Work order - Take the lines in the listing below from the line with "Para anggota Forum" up to and including the line with "(1)点击【模板下载(含在册" and set them down exactly, skipping pictures and adding nothing.

Data shown -
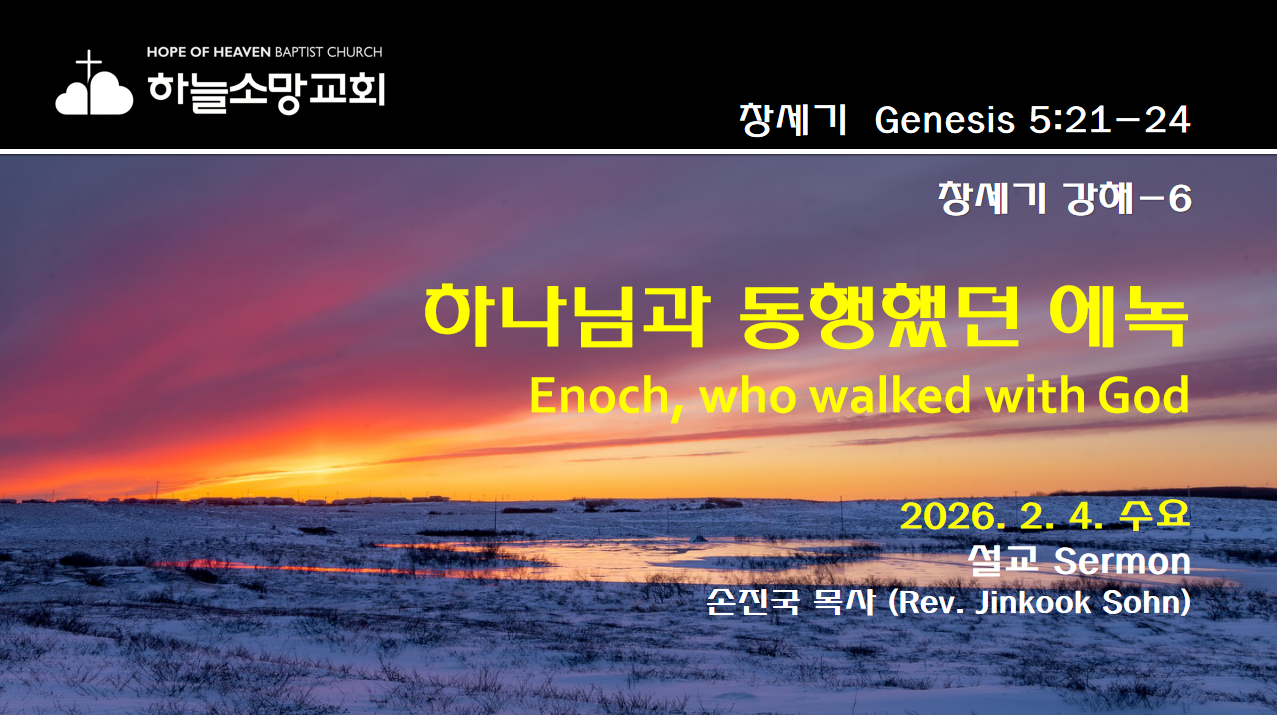 [2026. 2. 4.] (창6) 하나님과 동행한 에녹 | 창세기 5:21-242026. 2. 4. 수요예배 창세기 강해-6 본문: 창세기 5:21-24제목: 하나님과 동행한 에녹설교자: 손진국 목사 [설교 mp3 파일] [창 5:21-24]21 에녹은 육십오 세에 므두셀라를 낳았고22 므두셀라를 낳은 후 삼백 년을 하나님과 동행하며 자녀들을 낳았으며23 그는 삼백육십오 세를 살았더라24 에녹이 하나님과 동행하더니 하나님이 그를 데려가시므로 세상에 있지 아니하였더라 Hope of Heaven Baptist Church 하늘소망교회(담임 손진국 목사)는 뉴질랜드 오클랜드 북부 실버데일에 세워진 한인교회로 '하나님의 마음으로 사람을 살리는 교회'입니다.
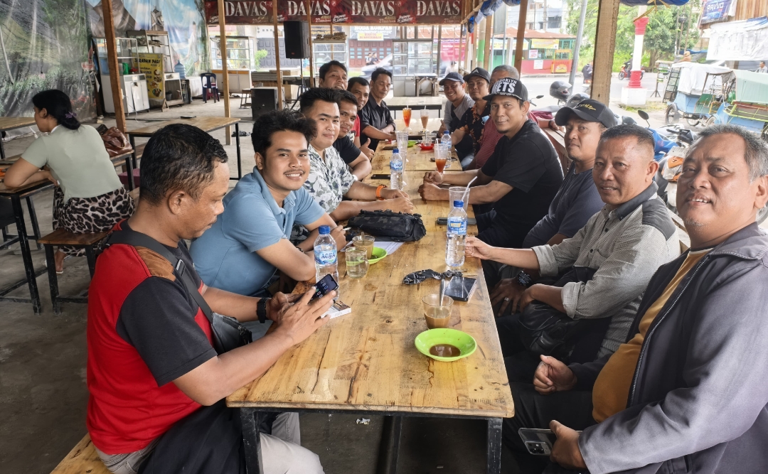 Para anggota Forum Wartawan Unit (Forwatun) mengikuti rapat bulanan di Warkop IMKA, Medan Tuntungan, Sabtu (15/11/2025), untuk membahas agenda audiensi dan rencana investigasi lapangan.
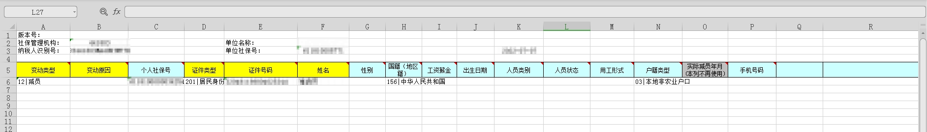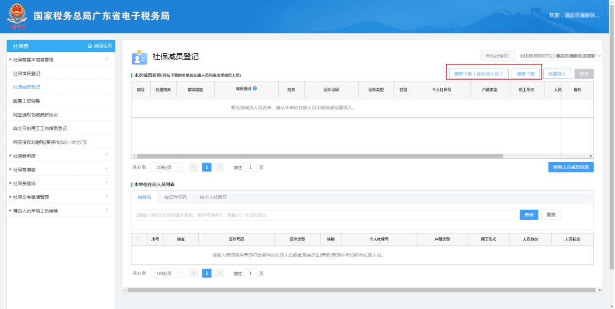 (1)点击【模板下载(含在册人员)】按钮下载本单位在册人员信息文件到本地,删除无需减员的数据,保留需减员人员;或者点击【模板下载】按钮下载空模板,录入需减员人员信息。
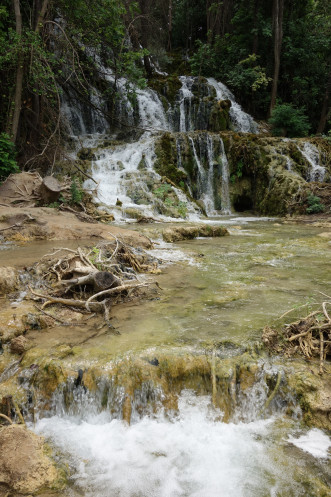 Вода в питьевых фонтанчиках приятная на вкус, холодненькая. Желающие набирали с собой, но у меня был достаточный запас. Виды красивые, но толпы, толпы… Особенно поразило, что в одном месте разрешено купаться, и народ, несмотря на неудобный спуск и мелководье, лезет в воду. Конечно, было довольно жарко, но удовольствие окунуться довольно сомнительное, да и вещи бросить без присмотра страшновато. Из-за обилия освежающихся трудно сделать красивые снимки водопада: в кадр все время попадают чьи-то телеса. Вообще со снимками напряжно: везде вид перекрывают какие-нибудь ветки, хотя вроде оборудованы смотровые площадки. Пожалуй, лучший вид был сверху с дороги, но выйти там нельзя, автобус только замедлил ход.

Task solution -
 Para anggota Forum Wartawan Unit (Forwatun) mengikuti rapat bulanan di Warkop IMKA, Medan Tuntungan, Sabtu (15/11/2025), untuk membahas agenda audiensi dan rencana investigasi lapangan.
 (1)点击【模板下载(含在册人员)】按钮下载本单位在册人员信息文件到本地,删除无需减员的数据,保留需减员人员;或者点击【模板下载】按钮下载空模板,录入需减员人员信息。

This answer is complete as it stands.